Vani agrees that this sort of insight is important. “There’s a lot of mindless eating that happens in front of our smartphones or Netflix, but bad eating habits are also driven by boredom, stress, loneliness or even positive emotions like excitement during fun social events.” All of this can influence how much you’re consuming. But simply tracking it can help you get a handle on what’s really going on. “I’ve seen food journals really help people to stay accountable and serve as an empowering measure of progress and success.”
How Often to Track
How long to stick with it largely depends on the person, Niedzinski says. She often advises patients to track for a few weeks “just to get an idea of what your habits are like and whether there’s any trends over that time period.”
And you don’t have to do it every day either, Vani says. “I usually suggest three to four days a week; at least two days during the week and one day on the weekend since our eating patterns are almost always different when we’re not working.” She says doing this for a minimum of a month can help you see the patterns that will help guide you toward your goals.
What to Watch Out For
While tracking your intake is important, Vani says, “it’s important to not get compulsive about calorie counting or weighing foods. Use simple methods to keep track of quantity like plate size. Descriptions like ‘one potato’ or ‘one piece of chicken breast’ are enough to be effective. You could also use the hand method by counting out palm-sized portions of the food you are eating.”

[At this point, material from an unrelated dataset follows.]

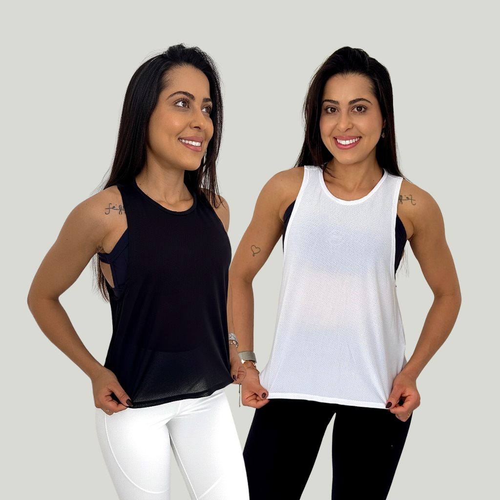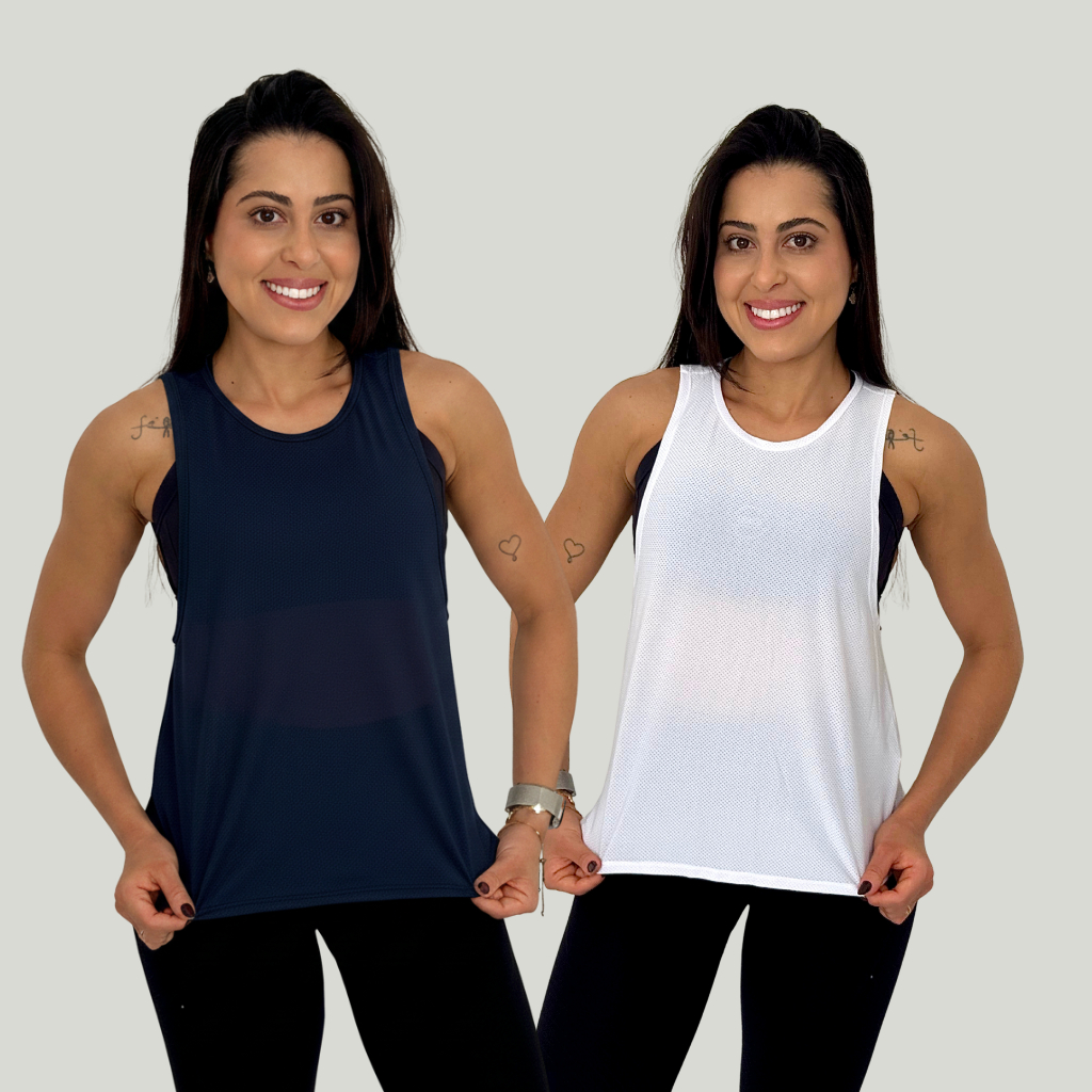 Kit 2 Regata Fitness Feminina Academia Dry Fit Tela Arejada

Taylor also warns against overthinking it. “The key here is not to create a process that is overwhelming and undesirable. Rather, you should identify a method that is realistic to utilize consistently.”
That said, don’t forget to track what you’re drinking — both drinks that contain calories and those that don’t. While water contains no calories, sugar or the other things you’re limiting if you’re trying to lose weight, it’s still a good idea to track your intake so you can determine whether you’re drinking enough, Davis Sameah says.
This is even more important for drinks that contain calories and sugar. Some people “believe juice is healthy, so they won’t include that in their journal,” Vani says. Similarly, “they may leave out the two tablespoons of sugar that they added to their coffee. Or they may not be completely honest with themselves about how much alcohol they’re having. I always tell people that this is for you to get better, so do your best to be honest with yourself and include everything.”
Honesty is the key component, Niedzinski says. “At the end of the day, the more honest you are with what you’re putting in your body, that can give you a lot more insight. And if you’re truly trying to make changes that’s the best way to really identify the areas that need improvement.”
Still, “tracking is not for everyone and there are other tools that can aid weight loss,” Rice notes. The bottom line is that food journaling “should help create awareness of dietary patterns and behaviors as opposed to causing distress.” She also recommends talking with a dietitian before beginning your weight-loss journey “to find the method or methods that fit your needs best.”